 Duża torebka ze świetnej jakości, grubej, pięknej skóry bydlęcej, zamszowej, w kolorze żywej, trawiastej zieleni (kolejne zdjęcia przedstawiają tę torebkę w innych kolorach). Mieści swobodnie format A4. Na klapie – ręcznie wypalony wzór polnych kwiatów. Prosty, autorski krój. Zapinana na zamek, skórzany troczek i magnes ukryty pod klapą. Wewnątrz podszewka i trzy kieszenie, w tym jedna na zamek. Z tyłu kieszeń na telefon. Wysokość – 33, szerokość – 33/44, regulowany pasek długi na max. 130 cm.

---

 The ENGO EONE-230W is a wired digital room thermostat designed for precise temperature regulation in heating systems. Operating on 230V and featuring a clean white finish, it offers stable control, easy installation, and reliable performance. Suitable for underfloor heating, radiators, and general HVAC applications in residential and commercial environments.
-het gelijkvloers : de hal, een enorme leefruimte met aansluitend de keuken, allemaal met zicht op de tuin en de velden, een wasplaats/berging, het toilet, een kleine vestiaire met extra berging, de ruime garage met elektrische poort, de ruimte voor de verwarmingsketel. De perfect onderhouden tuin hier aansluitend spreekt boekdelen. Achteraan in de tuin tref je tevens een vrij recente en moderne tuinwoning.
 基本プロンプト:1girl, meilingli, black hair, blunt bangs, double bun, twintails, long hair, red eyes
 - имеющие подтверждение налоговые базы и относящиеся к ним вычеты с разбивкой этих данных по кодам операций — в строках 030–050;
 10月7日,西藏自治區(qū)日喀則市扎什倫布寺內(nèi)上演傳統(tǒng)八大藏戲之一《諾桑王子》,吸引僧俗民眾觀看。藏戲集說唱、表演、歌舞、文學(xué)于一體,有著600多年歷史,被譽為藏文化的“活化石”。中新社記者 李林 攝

### [What this task involves]
From the records above, transcribe without alteration every line from the one with "基本プロンプト:1girl, meilingli, black" to the one with "- имеющие подтверждение", inclusive.

### [Answer below]
 基本プロンプト:1girl, meilingli, black hair, blunt bangs, double bun, twintails, long hair, red eyes
 - имеющие подтверждение налоговые базы и относящиеся к ним вычеты с разбивкой этих данных по кодам операций — в строках 030–050;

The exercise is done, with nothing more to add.